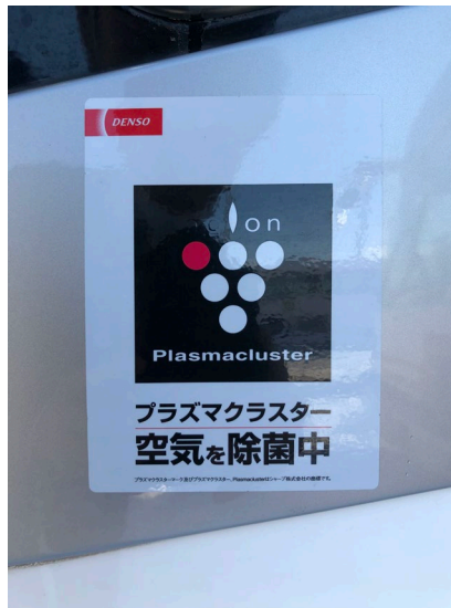
除菌イオン発生装置
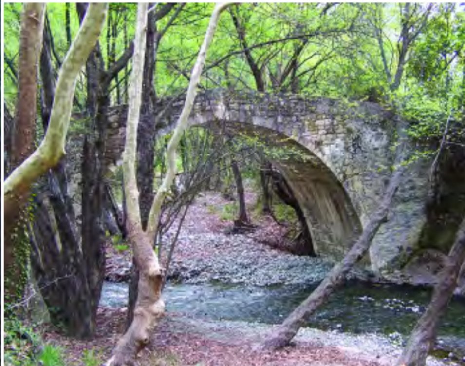
Ξερός ποταμός - Γεφύρι του Ρουδέια Xeros Potamos - Roudhlias Bridge

Τα ποτάμια αποτελούν οικοσυστήματα με μια εξαιρετικά πλούσια και μοναδική βιοποικιλότητα. Πολλά είδη πανίδας έχουν ως κύριο ή αποκλειστικό ενδιαίτημα τους τα ποτάμια. Στο βαθμό που αυτά υποβαθμίζονται, επηρεάζεται αρνητικά και η βιοποικιλότητα που φιλοξενούν.
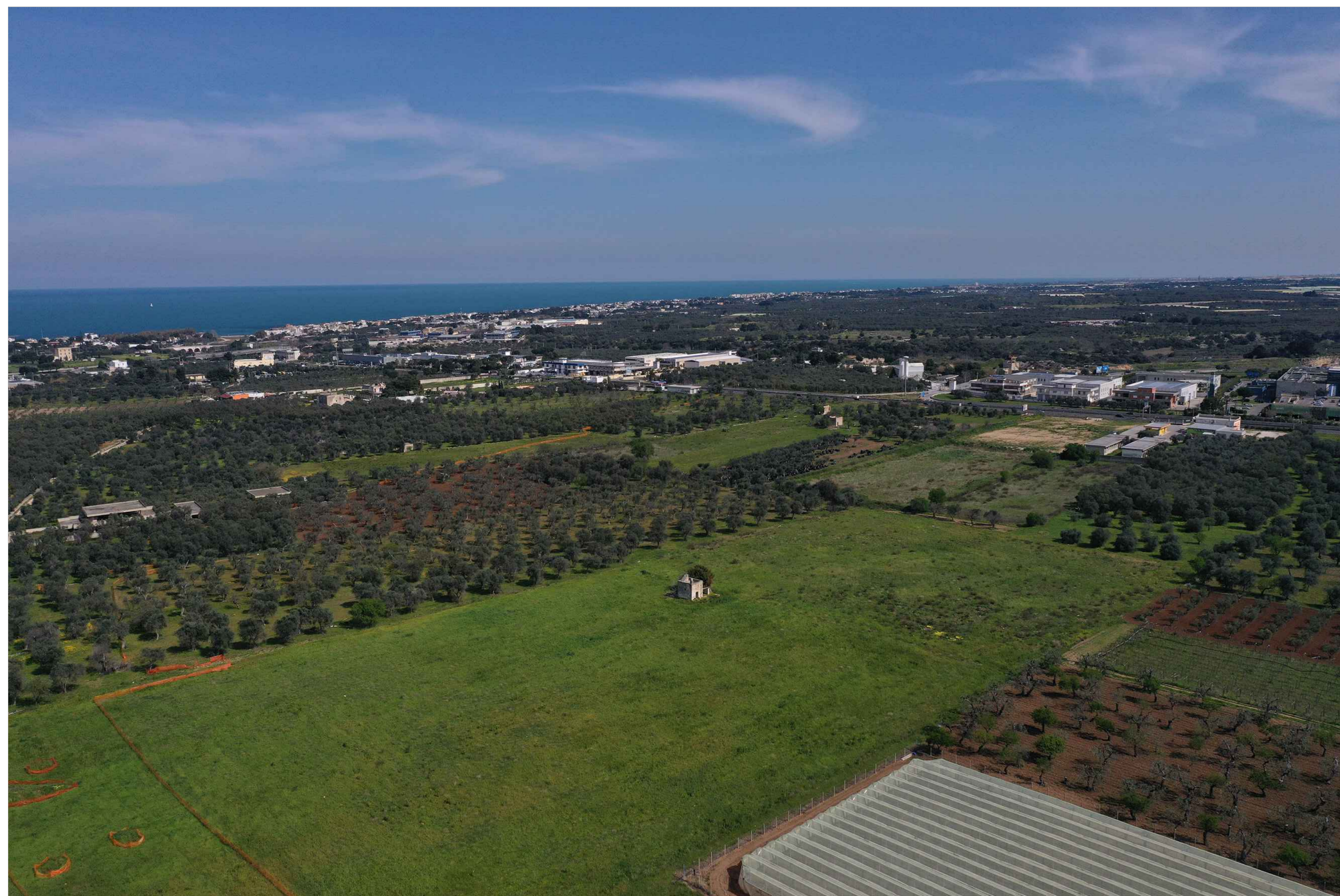
ANTE OPERAM Vista n.4 - Svincolo SV05 Triggiano, in direzione Noicattaro
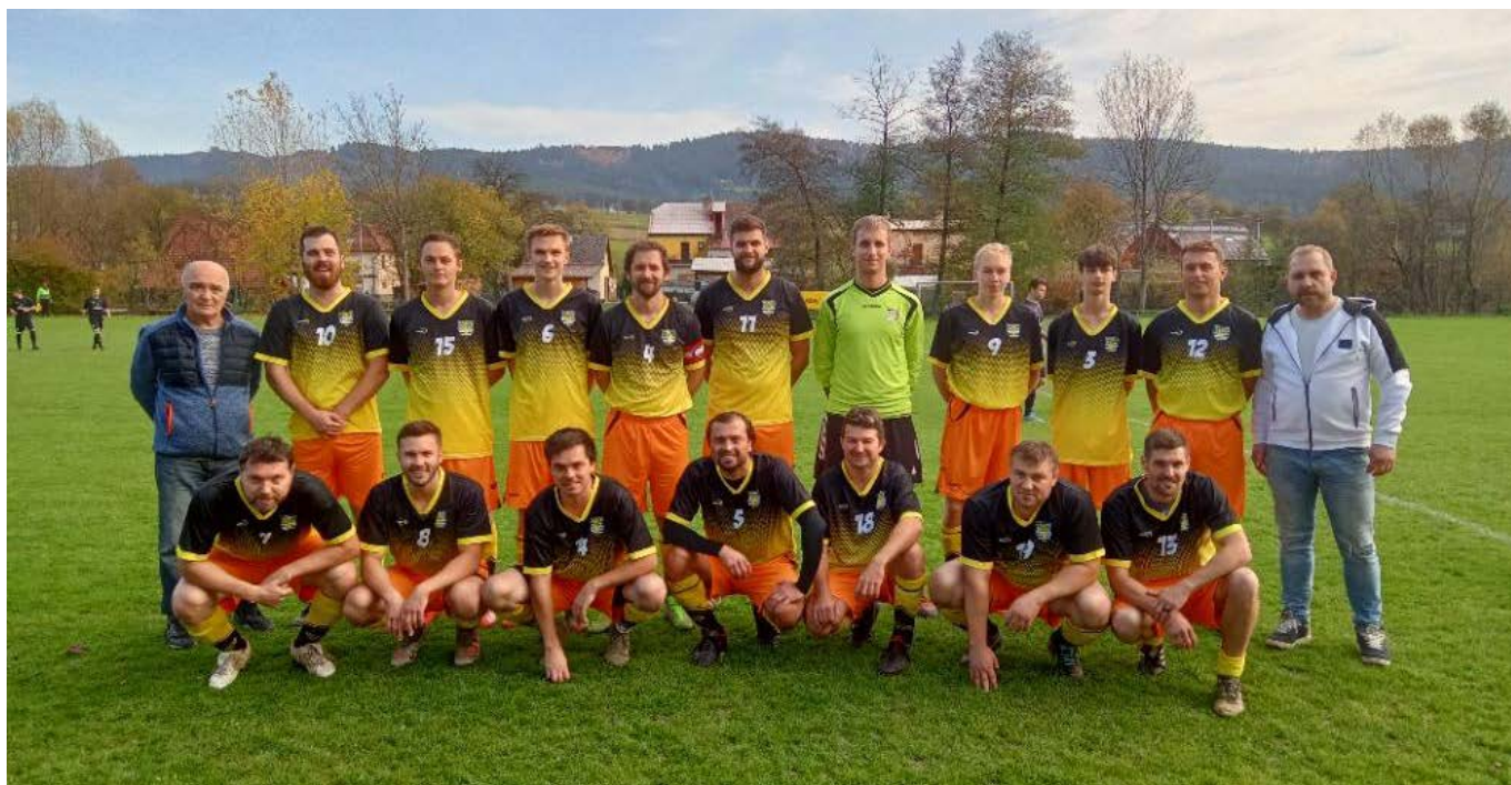
FK Poteč muži
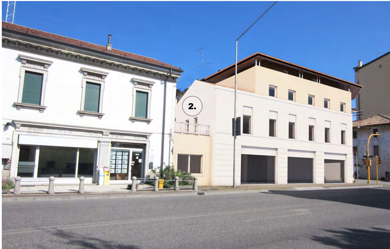
VISTA PROSPETTO SU VIA CAMPOFORMIDO - SDP

::::

> [ASSIGNMENT]
Now write out the data word for word, skipping every picture in it.

> [RESULT FOR THIS EXERCISE]
除菌イオン発生装置
Ξερός ποταμός - Γεφύρι του Ρουδέια Xeros Potamos - Roudhlias Bridge

Τα ποτάμια αποτελούν οικοσυστήματα με μια εξαιρετικά πλούσια και μοναδική βιοποικιλότητα. Πολλά είδη πανίδας έχουν ως κύριο ή αποκλειστικό ενδιαίτημα τους τα ποτάμια. Στο βαθμό που αυτά υποβαθμίζονται, επηρεάζεται αρνητικά και η βιοποικιλότητα που φιλοξενούν.
ANTE OPERAM Vista n.4 - Svincolo SV05 Triggiano, in direzione Noicattaro
FK Poteč muži
VISTA PROSPETTO SU VIA CAMPOFORMIDO - SDP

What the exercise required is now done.